Gehazi, however, reveals himself in a different character in connection with the healing of Naaman (2Ki 5:20-27). As soon as the Syrian general had taken his departure with his retinue from the house of Elisha, the covetous spirit of Gehazi, which had been awakened by the sight of the costly presents the prophet had refused, was no longer able to restrain itself. Running after Naaman, Gehazi begged in the prophet’s name a talent of silver (400 pounds = $2,000) and two changes of raiment, alleging, as a specious reason for Elisha’s change of mind, the arrival at his master’s house of two poor scholars of the prophet, who would require help and maintenance. Naaman, glad to have the opportunity he desired of showing his gratitude to Elisha, urged Gehazi to take two talents and sent two servants with him to carry the money and the garments. When they came to the hill in the neighborhood of the prophet’s house, Gehazi dismissed the men and concealed the treasure. Thereafter, with a bold front, as if he had been attending to his ordinary duties, he appeared before his master who at once inquired, "Whence, Gehazi?" (Hebrew). On receiving the ready answer that he had not been anywhere, Elisha, who felt sure that the suspicion he entertained regarding his beloved servant, his very "heart" (2Ki 5:26), was well grounded, sternly rebuked him for the dishonor he had brought upon God’s cause, and called down upon him and his family forever the loathsome disease of the man whose treasures he had obtained by his shameful lie. "And he went out from his presence a leper as white as snow."

By this narrative confidence in Gehazi is somewhat unexpectedly and rudely shaken. The active, zealous servant stands confessed a liar and a thief. Gehazi’s sin branched out in different directions. By his falsehood he deceived Naaman and misrepresented Elisha; he not only told a lie, but told a lie about another man, and that man his master and friend.

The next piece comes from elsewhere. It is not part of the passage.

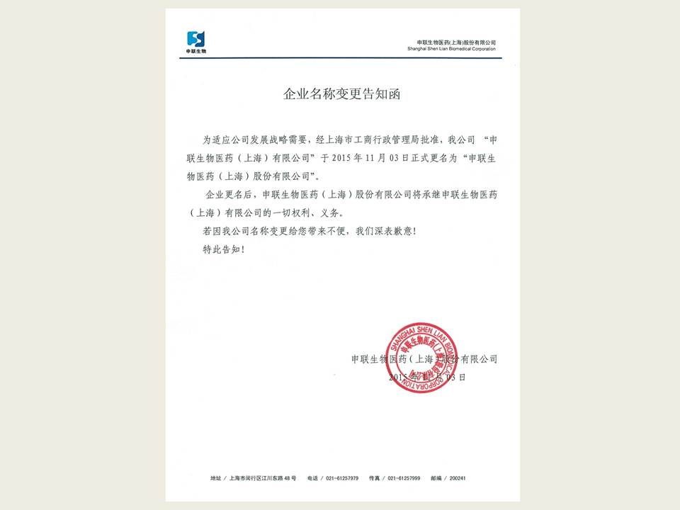 2015年11月03日,为适应公司发展战略需要,“申联生物医药(上海)有限公司”正式更名为“申联生物医药(上海)股份有限公司”。企业更名后,申联生物医药(上海)股份有限公司将继承申联生物医药(上海)有限公司的一切权利、义务。
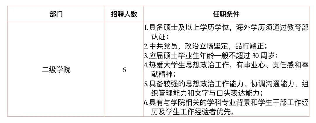 教师岗位(含高层次人才3人、常任轨教师7人、骨干教师22人)32人;辅导员岗位6人。

Further, he brought true religion into disrepute; for it was not a time (2Ki 5:26) for a servant of God to allow any commercial idea to be associated with the prophet’s work in the mind of the Syrian general to whom God’s power had been so strikingly manifested and when many for worldly gain pretended to be prophets. But while Gehazi’s sin had ats various ramifications, its one root was covetousness, "the love of money (which) is a root of all kinds of evil" (1Ti 6:10).

3. His Probable Repentance:

Once more Gehazi is mentioned (2Ki 8:1-6) as having been summoned, leper though he was, by King Jehoram to give him an account of all the great things Elisha had done. And when he came to the story of the restoration of the Shunammite’s child to life, the woman herself appeared before the king along with her son, craving to be reinstated in her house and land of which she had been dispossessed during her seven years’ absence from her native country in a time of famine. Gehazi testified to the identity of both mother and son, with the result that the king at once ordered the restoration not only of all her former possessions, but also of all the profits her land had yielded during her sojourn in Philistia.

The appearance and conduct of Gehazi on this occasion give some ground for the hope that he had repented of his sin and could now be trusted to speak the truth; and the pleasure he seemed to take in rehearsing the wonderful deeds of a master who, though kind and indulgent to a stranger, was hard upon him, may even warrant the belief that in his earlier days there was some good thing in him toward his master’s God. If also, as has been indicated above, the word used in 2Ki 4:43 (meshareth) applies to him--the same as is applied to Elisha (1Ki 19:21)--we may be the more readily inclined to see in the history of Gehazi how one besetting sin may prevent a man from taking his natural place in the succession of God’s prophets. Let us hope, however, that though Gehazi became a "lost leader," "just for a handful of silver," he was yet saved by a true repentance from becoming a lost soul.